8.8.2 Simple Climate Models
As in the TAR, a simple climate model is utilised in this report to emulate the projections of future climate change conducted with state-of-the-art AOGCMs, thus allowing the investigation of the temperature and sea level implications of all relevant emission scenarios (see Chapter 10). This model is an updated version of the Model for the Assessment of Greenhouse-Gas Induced Climate Change (MAGICC) model (Wigley and Raper, 1992, 2001; Raper et al., 1996). The calculation of the radiative forcings from emission scenarios closely follows that described in Chapter 2, and the feedback between climate and the carbon cycle is treated consistently with Chapter 7. The atmosphere-ocean module consists of an atmospheric energy balance model coupled to an upwelling-diffusion ocean model. The atmospheric energy balance model has land and ocean boxes in each hemisphere, and the upwelling-diffusion ocean model in each hemisphere has 40 layers with inter-hemispheric heat exchange in the mixed layer.
This simple climate model has been tuned to outputs from 19 of the AOGCMs described in Table 8.1, with resulting parameter values as given in the Supplementary Material, Table S8.1. The applied tuning procedure involves an iterative optimisation to derive least-square optimal fits between the simple model results and the AOGCM outputs for temperature time series and net oceanic heat uptake. This procedure attempts to match not only the global mean temperature but also the hemispheric land and ocean surface temperature changes of the AOGCM results by adjusting the equilibrium land-ocean warming ratio. Where data availability allowed, the tuning procedure took simultaneous account of low-pass filtered AOGCM data for two scenarios, namely a 1% per year compounded increase in atmospheric CO2 concentration to twice and quadruple the pre-industrial level, with subsequent stabilisation. Before tuning, the AOGCM temperature and heat uptake data was de-drifted by subtracting the respective low-pass filtered pre-industrial control run segments. The three tuned parameters in the simple climate model are the effective climate sensitivity, the ocean effective vertical diffusivity, and the equilibrium land-ocean warming ratio. Values specific to each AOGCM for the radiative forcing for CO2 doubling were used in the tuning procedure where available (from Forster and Taylor, 2006, supplemented with values provided directly from the modelling groups). Otherwise, a default value of 3.71 W m–2 was chosen (Myhre et al., 1998). Default values of 1 W m–2 °C–1, 1 W m–2 °C–1 and 8°C were used for the land-ocean heat exchange coefficient, the inter-hemispheric heat exchange coefficient and the magnitude of the warming that would result in a collapse of the MOC, respectively (see Appendix 9.1 of the TAR).
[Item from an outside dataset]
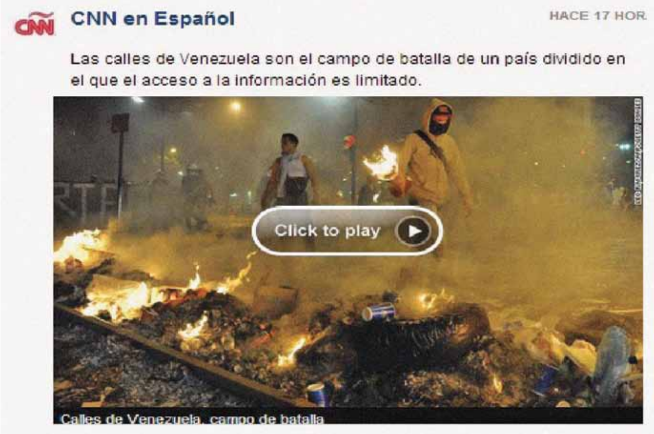
This is how CCN en Español presents its information on Venezuela.

The obtained best-fit climate sensitivity estimates differ for various reasons from other estimates that were derived with alternative methods. Such alternative methods include, for example, regression estimates that use a global energy balance equation around the year of atmospheric CO2 doubling or the analysis of slab ocean equilibrium warmings. The resulting differences in climate sensitivity estimates can be partially explained by the non-time constant effective climate sensitivities in many of the AOGCM runs. Furthermore, tuning results of a simple climate model will be affected by the model structure, although simple, and other default parameter settings that affect the simple model transient response.